> **Work instruction**:
Every record must be repeated exactly; omit any pictures they contain.

> **Collected data**:
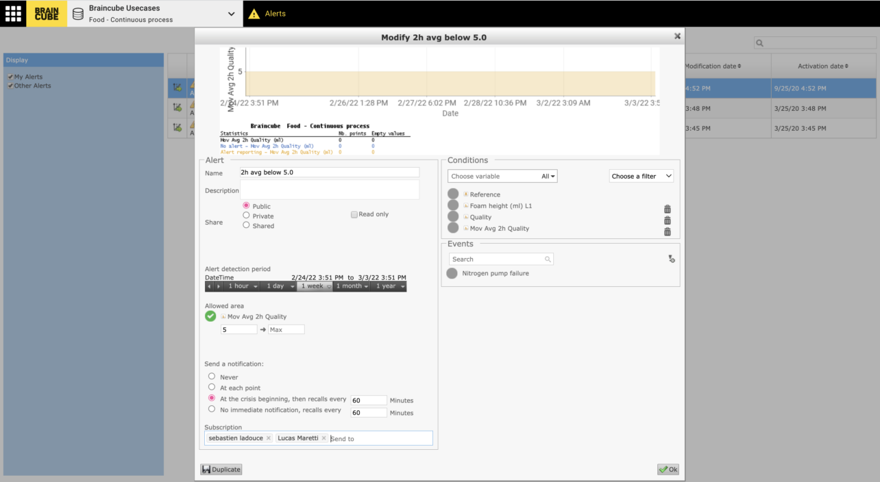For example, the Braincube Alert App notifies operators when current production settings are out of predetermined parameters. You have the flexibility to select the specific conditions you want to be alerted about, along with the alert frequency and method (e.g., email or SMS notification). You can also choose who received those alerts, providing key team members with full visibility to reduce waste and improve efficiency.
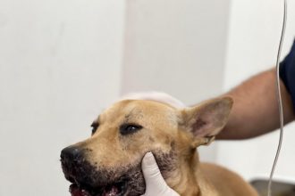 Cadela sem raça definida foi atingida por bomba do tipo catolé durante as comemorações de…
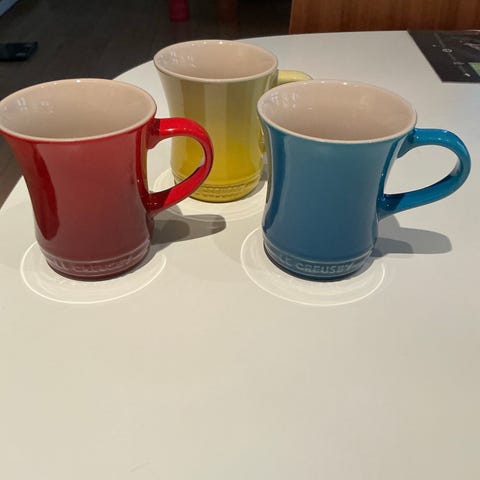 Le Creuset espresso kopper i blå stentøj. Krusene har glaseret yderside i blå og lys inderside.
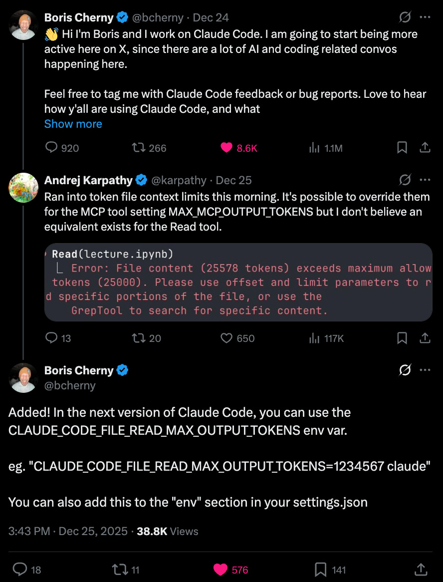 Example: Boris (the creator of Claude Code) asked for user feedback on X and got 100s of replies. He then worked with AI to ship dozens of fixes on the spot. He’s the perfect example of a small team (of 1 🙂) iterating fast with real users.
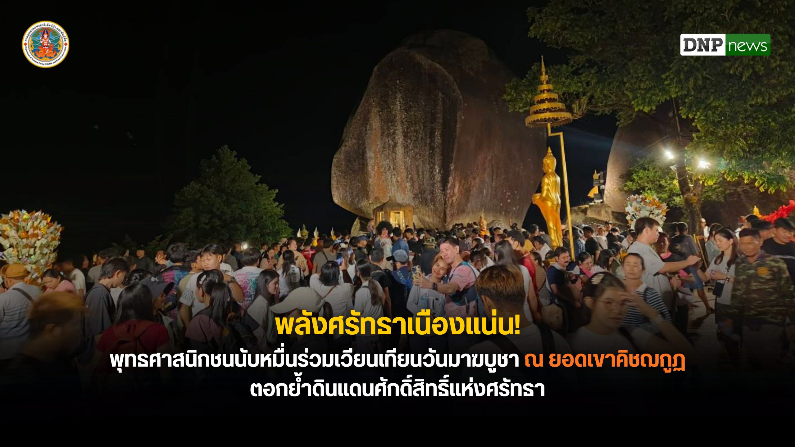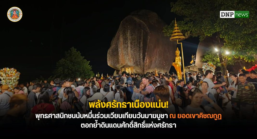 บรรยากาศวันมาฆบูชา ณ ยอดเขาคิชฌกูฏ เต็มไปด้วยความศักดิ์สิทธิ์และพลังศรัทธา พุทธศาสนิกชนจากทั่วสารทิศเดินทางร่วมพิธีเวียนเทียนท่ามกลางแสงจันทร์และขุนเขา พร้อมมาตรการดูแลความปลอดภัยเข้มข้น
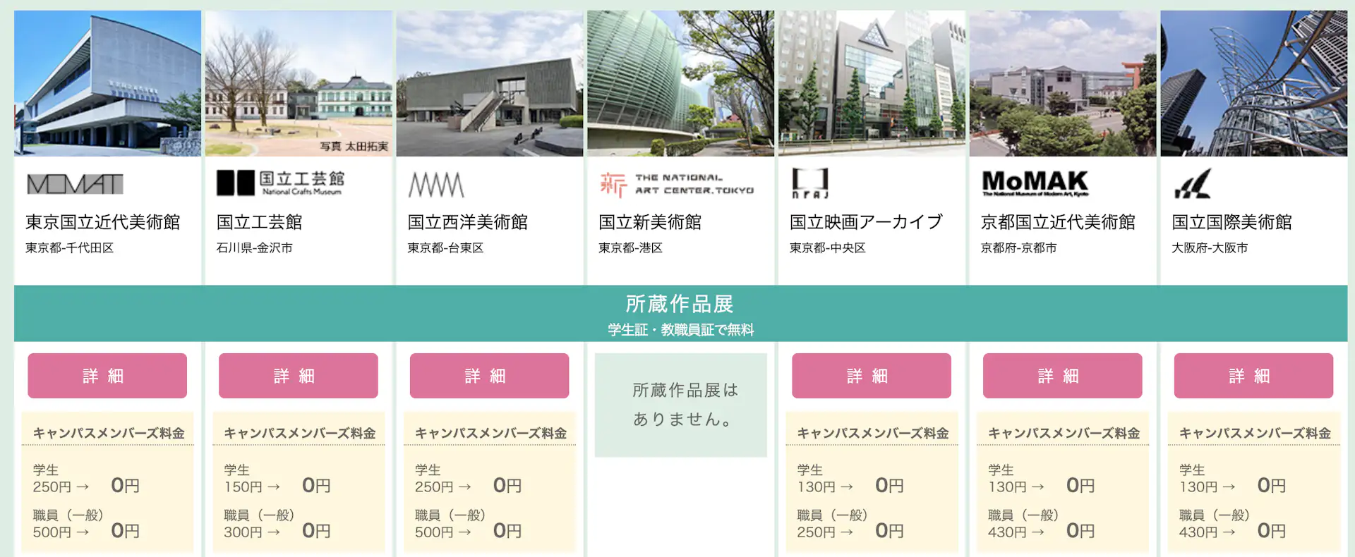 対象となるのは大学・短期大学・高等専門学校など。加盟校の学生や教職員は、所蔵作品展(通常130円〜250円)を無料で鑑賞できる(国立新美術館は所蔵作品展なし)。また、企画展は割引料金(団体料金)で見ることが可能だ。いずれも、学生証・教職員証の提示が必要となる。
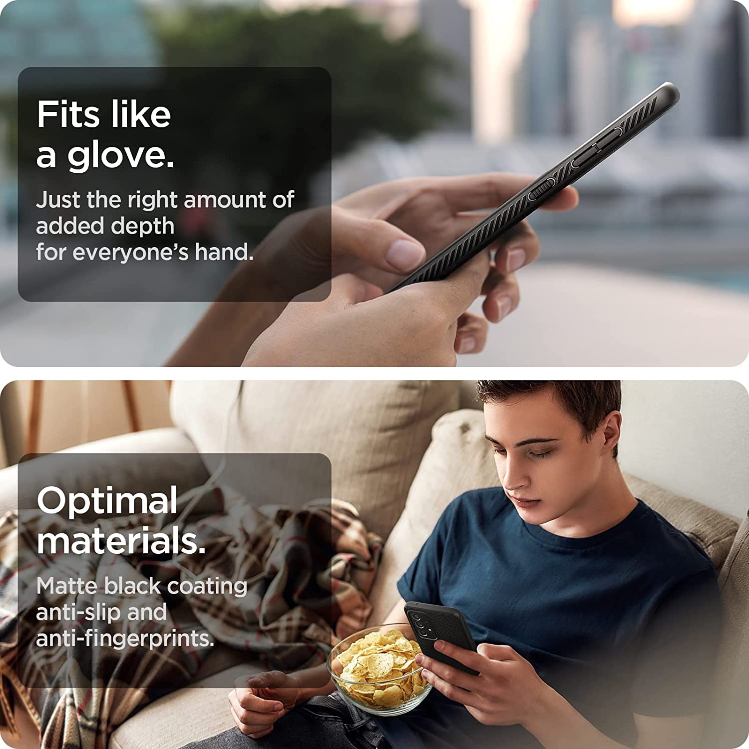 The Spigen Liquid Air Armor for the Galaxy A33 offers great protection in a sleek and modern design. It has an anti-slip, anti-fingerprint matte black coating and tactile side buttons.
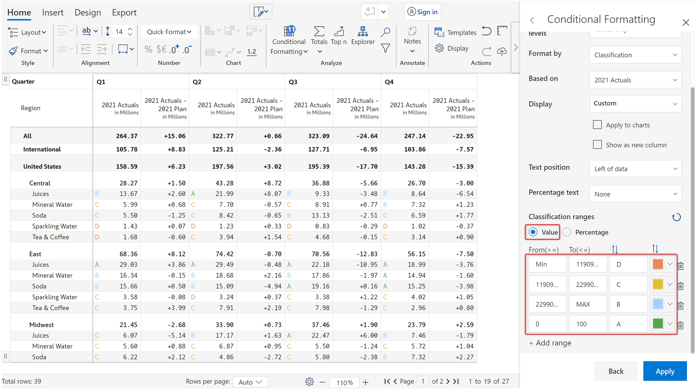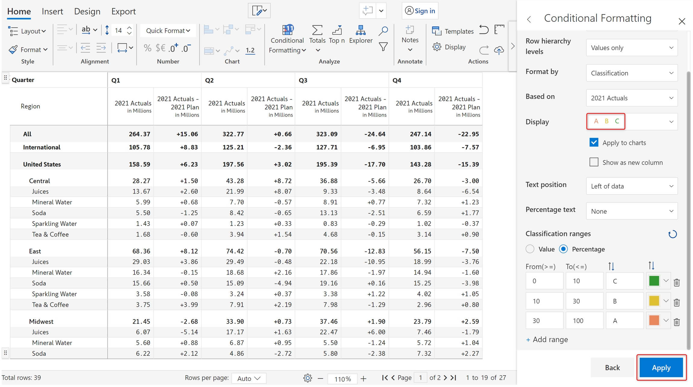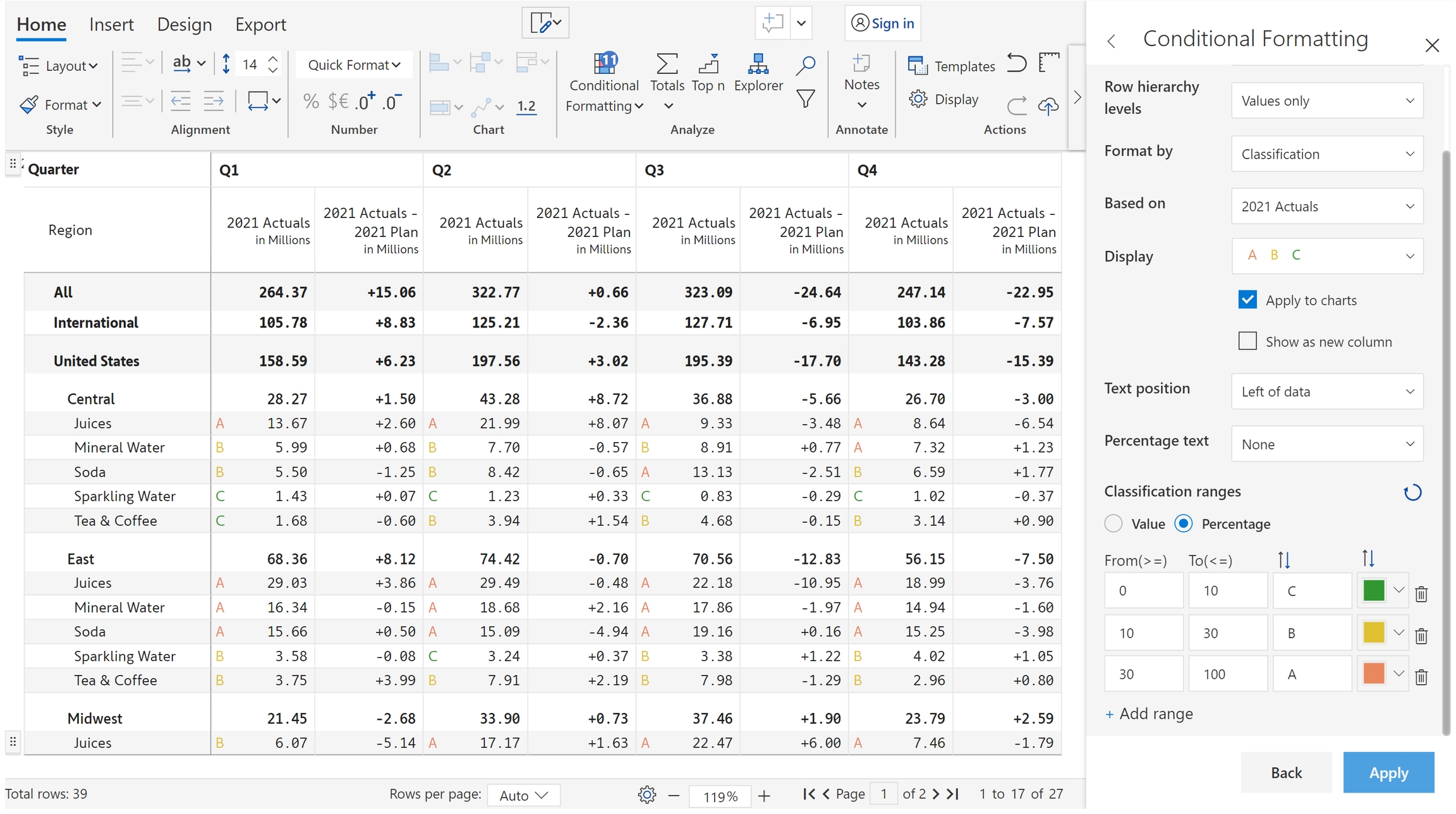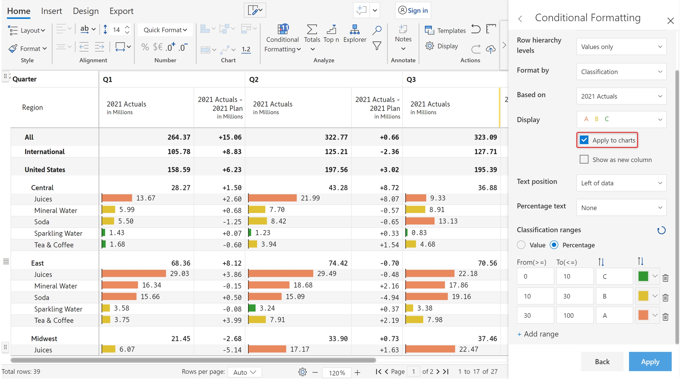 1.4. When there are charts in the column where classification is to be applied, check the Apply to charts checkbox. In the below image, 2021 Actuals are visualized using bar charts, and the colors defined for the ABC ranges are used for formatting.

> **Your solution**:
For example, the Braincube Alert App notifies operators when current production settings are out of predetermined parameters. You have the flexibility to select the specific conditions you want to be alerted about, along with the alert frequency and method (e.g., email or SMS notification). You can also choose who received those alerts, providing key team members with full visibility to reduce waste and improve efficiency.
 Cadela sem raça definida foi atingida por bomba do tipo catolé durante as comemorações de…
 Le Creuset espresso kopper i blå stentøj. Krusene har glaseret yderside i blå og lys inderside.
 Example: Boris (the creator of Claude Code) asked for user feedback on X and got 100s of replies. He then worked with AI to ship dozens of fixes on the spot. He’s the perfect example of a small team (of 1 🙂) iterating fast with real users.
 บรรยากาศวันมาฆบูชา ณ ยอดเขาคิชฌกูฏ เต็มไปด้วยความศักดิ์สิทธิ์และพลังศรัทธา พุทธศาสนิกชนจากทั่วสารทิศเดินทางร่วมพิธีเวียนเทียนท่ามกลางแสงจันทร์และขุนเขา พร้อมมาตรการดูแลความปลอดภัยเข้มข้น
 対象となるのは大学・短期大学・高等専門学校など。加盟校の学生や教職員は、所蔵作品展(通常130円〜250円)を無料で鑑賞できる(国立新美術館は所蔵作品展なし)。また、企画展は割引料金(団体料金)で見ることが可能だ。いずれも、学生証・教職員証の提示が必要となる。
 The Spigen Liquid Air Armor for the Galaxy A33 offers great protection in a sleek and modern design. It has an anti-slip, anti-fingerprint matte black coating and tactile side buttons.
 1.4. When there are charts in the column where classification is to be applied, check the Apply to charts checkbox. In the below image, 2021 Actuals are visualized using bar charts, and the colors defined for the ABC ranges are used for formatting.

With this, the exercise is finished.